*Data extract*
▬▬▬▬▬▬▬▬▬▬
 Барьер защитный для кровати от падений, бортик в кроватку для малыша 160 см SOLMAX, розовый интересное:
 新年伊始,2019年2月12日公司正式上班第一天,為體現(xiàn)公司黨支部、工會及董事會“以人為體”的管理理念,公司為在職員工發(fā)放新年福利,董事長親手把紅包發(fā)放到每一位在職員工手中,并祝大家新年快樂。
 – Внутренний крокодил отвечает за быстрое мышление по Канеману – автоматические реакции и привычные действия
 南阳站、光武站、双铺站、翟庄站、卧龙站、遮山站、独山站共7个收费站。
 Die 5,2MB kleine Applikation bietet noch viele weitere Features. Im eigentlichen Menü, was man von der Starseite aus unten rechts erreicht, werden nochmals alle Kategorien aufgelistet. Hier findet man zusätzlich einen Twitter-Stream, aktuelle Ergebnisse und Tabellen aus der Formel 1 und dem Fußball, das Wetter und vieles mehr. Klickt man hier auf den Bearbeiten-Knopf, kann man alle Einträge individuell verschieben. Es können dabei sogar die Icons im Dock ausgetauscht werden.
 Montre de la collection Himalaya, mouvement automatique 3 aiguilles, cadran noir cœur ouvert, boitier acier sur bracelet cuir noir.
▬▬▬▬▬▬▬▬▬▬
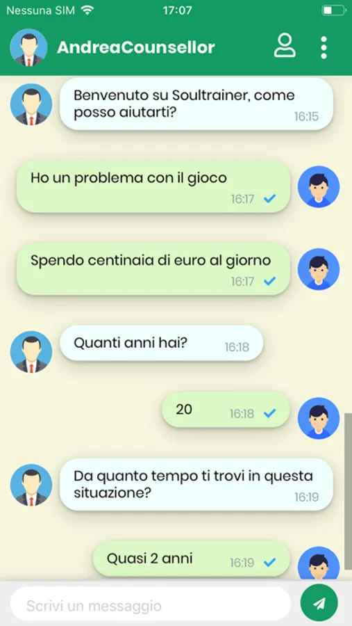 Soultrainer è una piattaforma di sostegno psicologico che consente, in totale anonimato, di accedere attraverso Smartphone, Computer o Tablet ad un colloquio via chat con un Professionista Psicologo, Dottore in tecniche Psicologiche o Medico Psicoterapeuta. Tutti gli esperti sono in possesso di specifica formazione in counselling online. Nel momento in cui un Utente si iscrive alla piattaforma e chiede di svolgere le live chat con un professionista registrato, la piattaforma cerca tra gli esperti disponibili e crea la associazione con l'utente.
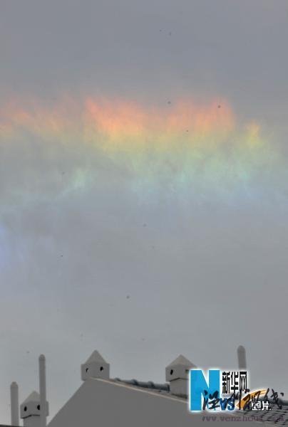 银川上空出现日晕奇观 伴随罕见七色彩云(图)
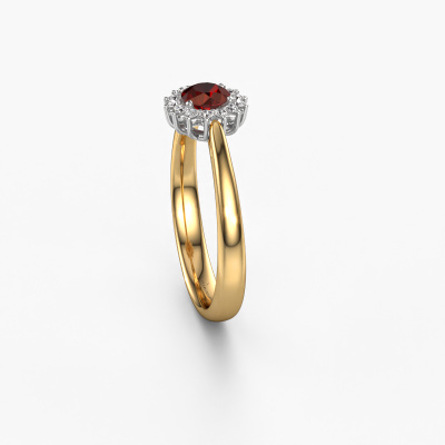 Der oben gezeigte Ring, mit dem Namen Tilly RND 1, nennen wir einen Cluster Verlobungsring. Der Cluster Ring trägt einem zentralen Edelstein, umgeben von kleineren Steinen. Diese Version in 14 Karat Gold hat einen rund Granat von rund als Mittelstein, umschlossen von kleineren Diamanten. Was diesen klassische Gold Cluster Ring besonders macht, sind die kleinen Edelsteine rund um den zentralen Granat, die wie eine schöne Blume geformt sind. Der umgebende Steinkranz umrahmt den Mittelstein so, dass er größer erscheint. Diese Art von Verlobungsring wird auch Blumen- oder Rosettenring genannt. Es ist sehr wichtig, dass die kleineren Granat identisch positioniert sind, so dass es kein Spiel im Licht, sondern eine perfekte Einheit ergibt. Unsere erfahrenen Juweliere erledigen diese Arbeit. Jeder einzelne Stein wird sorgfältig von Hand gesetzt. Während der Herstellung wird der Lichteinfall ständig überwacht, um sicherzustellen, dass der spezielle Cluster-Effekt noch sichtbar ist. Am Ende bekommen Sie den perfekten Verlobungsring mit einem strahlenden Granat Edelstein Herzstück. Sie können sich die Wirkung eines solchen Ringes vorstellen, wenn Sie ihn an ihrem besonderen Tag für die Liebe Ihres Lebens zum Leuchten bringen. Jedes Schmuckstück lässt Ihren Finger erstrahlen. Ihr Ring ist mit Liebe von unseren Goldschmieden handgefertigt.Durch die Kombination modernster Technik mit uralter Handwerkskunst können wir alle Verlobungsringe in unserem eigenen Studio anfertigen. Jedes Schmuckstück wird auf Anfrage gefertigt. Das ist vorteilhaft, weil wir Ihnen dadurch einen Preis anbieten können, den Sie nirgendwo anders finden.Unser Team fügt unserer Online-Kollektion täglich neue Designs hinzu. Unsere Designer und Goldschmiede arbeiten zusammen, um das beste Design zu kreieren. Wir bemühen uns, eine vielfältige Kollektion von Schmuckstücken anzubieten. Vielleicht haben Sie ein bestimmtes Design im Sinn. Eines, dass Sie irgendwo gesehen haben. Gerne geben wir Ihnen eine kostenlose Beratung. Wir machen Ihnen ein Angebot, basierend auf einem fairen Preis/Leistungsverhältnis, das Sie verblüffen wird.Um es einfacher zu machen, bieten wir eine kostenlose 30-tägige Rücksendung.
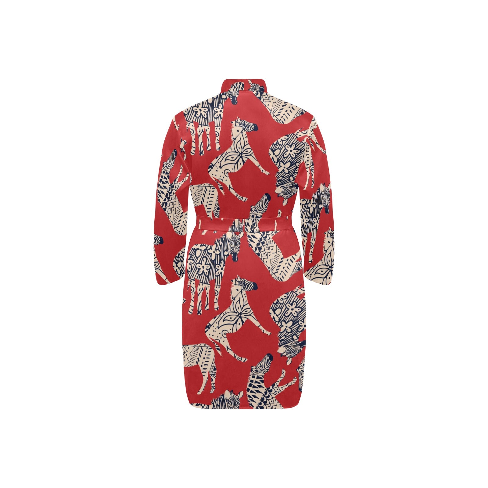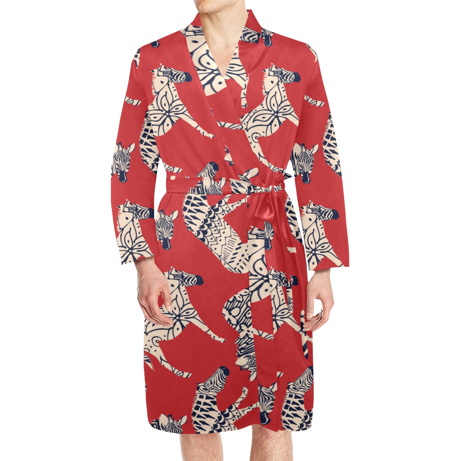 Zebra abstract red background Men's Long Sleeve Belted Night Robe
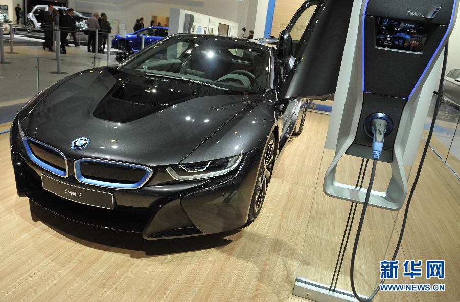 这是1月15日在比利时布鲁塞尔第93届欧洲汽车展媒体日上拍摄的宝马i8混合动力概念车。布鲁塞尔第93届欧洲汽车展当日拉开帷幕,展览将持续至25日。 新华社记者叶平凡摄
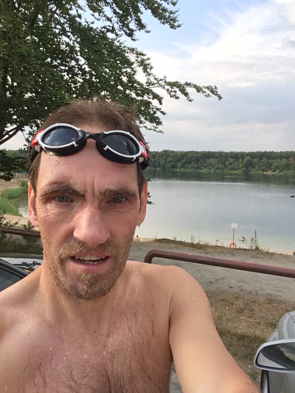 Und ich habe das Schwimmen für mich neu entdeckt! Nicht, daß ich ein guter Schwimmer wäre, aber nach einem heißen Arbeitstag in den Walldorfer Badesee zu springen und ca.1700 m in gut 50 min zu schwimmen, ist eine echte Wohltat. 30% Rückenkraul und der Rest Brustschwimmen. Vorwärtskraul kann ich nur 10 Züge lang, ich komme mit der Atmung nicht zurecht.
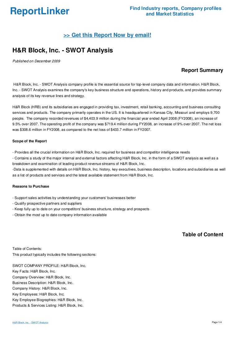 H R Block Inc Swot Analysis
▬▬▬▬▬▬▬▬▬▬
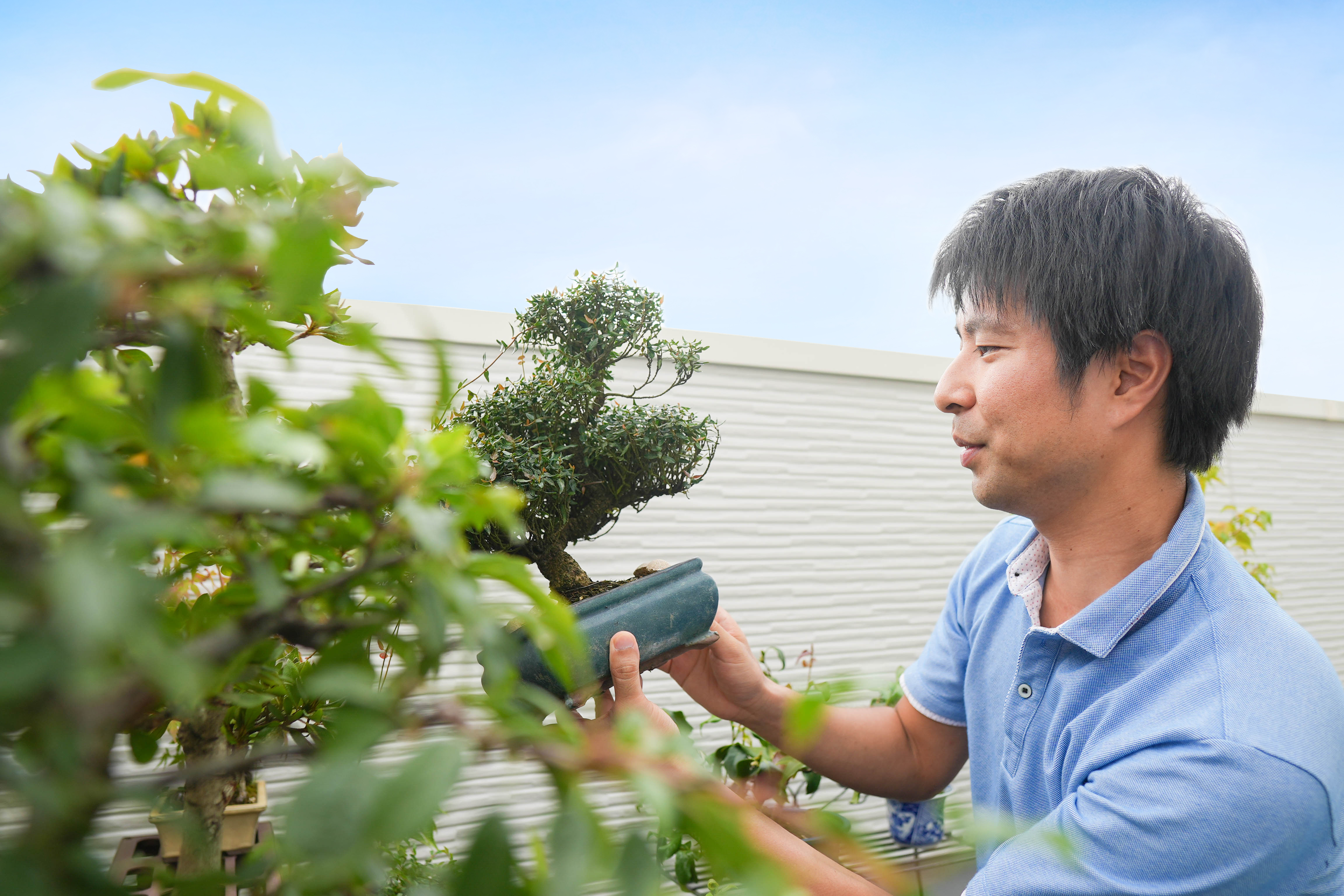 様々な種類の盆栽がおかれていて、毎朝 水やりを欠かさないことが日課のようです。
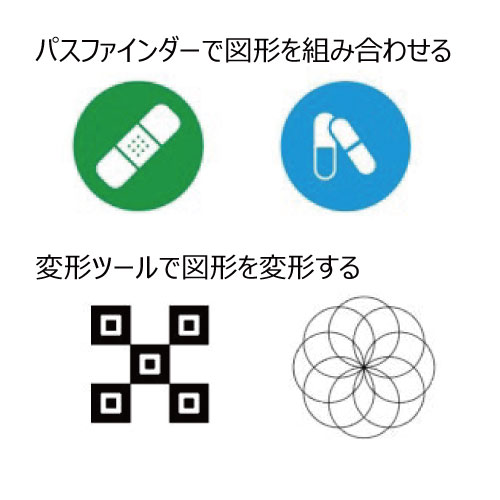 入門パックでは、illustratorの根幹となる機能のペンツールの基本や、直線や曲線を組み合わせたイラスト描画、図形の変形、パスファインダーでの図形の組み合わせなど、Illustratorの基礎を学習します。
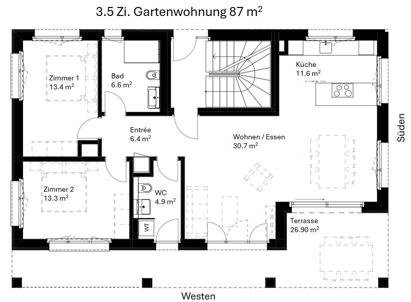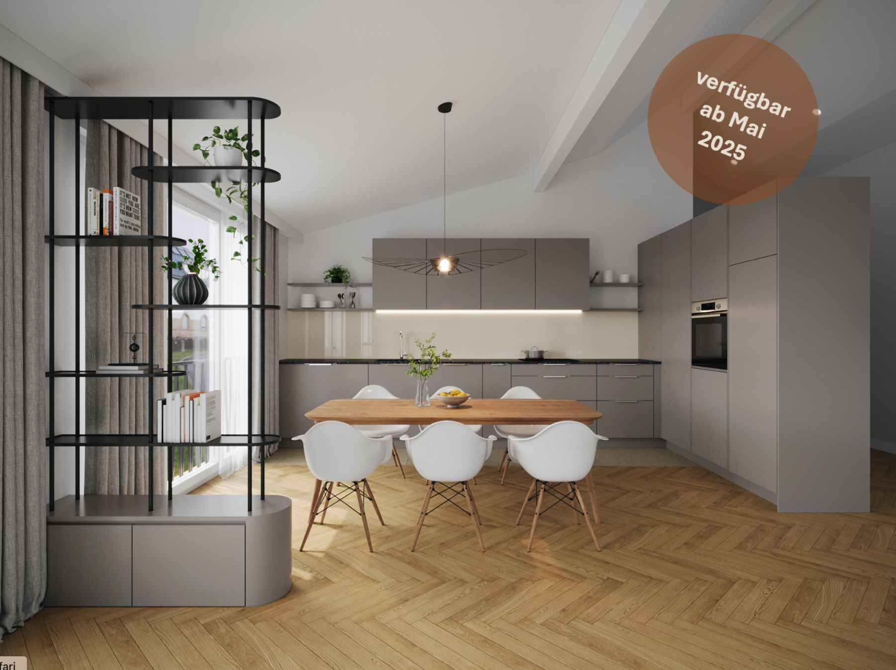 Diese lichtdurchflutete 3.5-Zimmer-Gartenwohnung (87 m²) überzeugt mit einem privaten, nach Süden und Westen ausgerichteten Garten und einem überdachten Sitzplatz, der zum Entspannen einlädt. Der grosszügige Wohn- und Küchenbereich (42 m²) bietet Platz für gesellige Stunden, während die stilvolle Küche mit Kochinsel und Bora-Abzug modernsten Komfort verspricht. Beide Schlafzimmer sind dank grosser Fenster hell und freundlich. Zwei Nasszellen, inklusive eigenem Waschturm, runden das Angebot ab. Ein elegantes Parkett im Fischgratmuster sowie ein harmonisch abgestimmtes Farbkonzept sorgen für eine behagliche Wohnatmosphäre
▬▬▬▬▬▬▬▬▬▬
*Requirement*
Where the listing above reaches the line that contains "南阳站、光武站、双铺站、翟庄站、卧龙站、遮山站、独山站共7个收费站。", start retyping, and finish with the line that contains "Montre de la"; reproduce those lines exactly and no others.

*Solution for this problem*
 南阳站、光武站、双铺站、翟庄站、卧龙站、遮山站、独山站共7个收费站。
 Die 5,2MB kleine Applikation bietet noch viele weitere Features. Im eigentlichen Menü, was man von der Starseite aus unten rechts erreicht, werden nochmals alle Kategorien aufgelistet. Hier findet man zusätzlich einen Twitter-Stream, aktuelle Ergebnisse und Tabellen aus der Formel 1 und dem Fußball, das Wetter und vieles mehr. Klickt man hier auf den Bearbeiten-Knopf, kann man alle Einträge individuell verschieben. Es können dabei sogar die Icons im Dock ausgetauscht werden.
 Montre de la collection Himalaya, mouvement automatique 3 aiguilles, cadran noir cœur ouvert, boitier acier sur bracelet cuir noir.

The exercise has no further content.